Trial-to-trial variations are often observed in optical responses to the same whisker deflection stimulus that cannot be controlled (Tanaka et al., 2000). The same group (Yazawa et al., 2001) later showed that these trial-to-trial variations have a physiologic origin and reflect some features of the functional organization of the whisker barrel cortex. The neuronal activity in a single barrel is heavily influenced by activity from neighboring barrels in the mature cortex. Thus, neural responses will be prone to variations between each trial. However, variation in the activation-induced response would also depend on the signal-to-noise ratio with larger variability induced by a lesser signal-to-noise ratio. We compared the activation pattern in response to whisker stimulation between two random trials in the same animal. Each combination showed high spatial variability with approximately 12% ± 4% mean overlap between the positively activated and 21% ± 7% overlap in the negatively activated pixels. The coefficient of variation for various two-trial combinations for the positive and the negative responses were 37.0% and 18.3%, respectively. Although a component of the high variability could have been induced by a poor signal-to-noise ratio, approximately 2 in the present case, the variability across trials in the negative response was significantly lesser when compared to the positive response.

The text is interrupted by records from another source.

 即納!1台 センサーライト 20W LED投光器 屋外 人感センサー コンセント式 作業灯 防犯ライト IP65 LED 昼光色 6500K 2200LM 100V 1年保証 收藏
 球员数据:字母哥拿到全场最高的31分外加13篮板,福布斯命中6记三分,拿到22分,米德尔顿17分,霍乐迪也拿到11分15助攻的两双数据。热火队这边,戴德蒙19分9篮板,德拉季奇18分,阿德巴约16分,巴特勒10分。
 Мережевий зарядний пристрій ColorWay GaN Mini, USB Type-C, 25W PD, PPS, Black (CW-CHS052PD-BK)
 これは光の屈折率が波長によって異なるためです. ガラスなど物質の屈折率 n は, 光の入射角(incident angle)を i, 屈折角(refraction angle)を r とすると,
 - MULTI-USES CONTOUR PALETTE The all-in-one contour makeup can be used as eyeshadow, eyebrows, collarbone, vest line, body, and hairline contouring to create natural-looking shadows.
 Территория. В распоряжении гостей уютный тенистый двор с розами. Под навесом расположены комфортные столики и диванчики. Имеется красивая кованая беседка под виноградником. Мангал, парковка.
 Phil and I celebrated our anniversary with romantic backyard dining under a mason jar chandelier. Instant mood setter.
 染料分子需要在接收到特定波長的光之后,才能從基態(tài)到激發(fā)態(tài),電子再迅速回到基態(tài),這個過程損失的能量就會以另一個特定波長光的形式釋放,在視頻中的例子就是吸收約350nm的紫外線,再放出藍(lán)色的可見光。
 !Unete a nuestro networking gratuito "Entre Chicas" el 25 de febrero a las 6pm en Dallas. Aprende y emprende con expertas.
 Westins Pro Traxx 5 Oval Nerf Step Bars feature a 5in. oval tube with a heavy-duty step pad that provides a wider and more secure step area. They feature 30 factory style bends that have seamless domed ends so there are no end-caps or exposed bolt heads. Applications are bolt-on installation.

This occurred despite a relatively lower SNR in the negatively responding pixels when compared with those showing a positive response. This indicates that the negative response is less likely to be under direct neuronal control.

The origin of negative CBF changes from a few selective medium and large vessels, and its spatial proximity, temporal coherence to the positive response, and lesser trial-to trial variability strongly suggest a decrease in CBF in feeder vessels to responding arterioles and capillaries in the activated regions.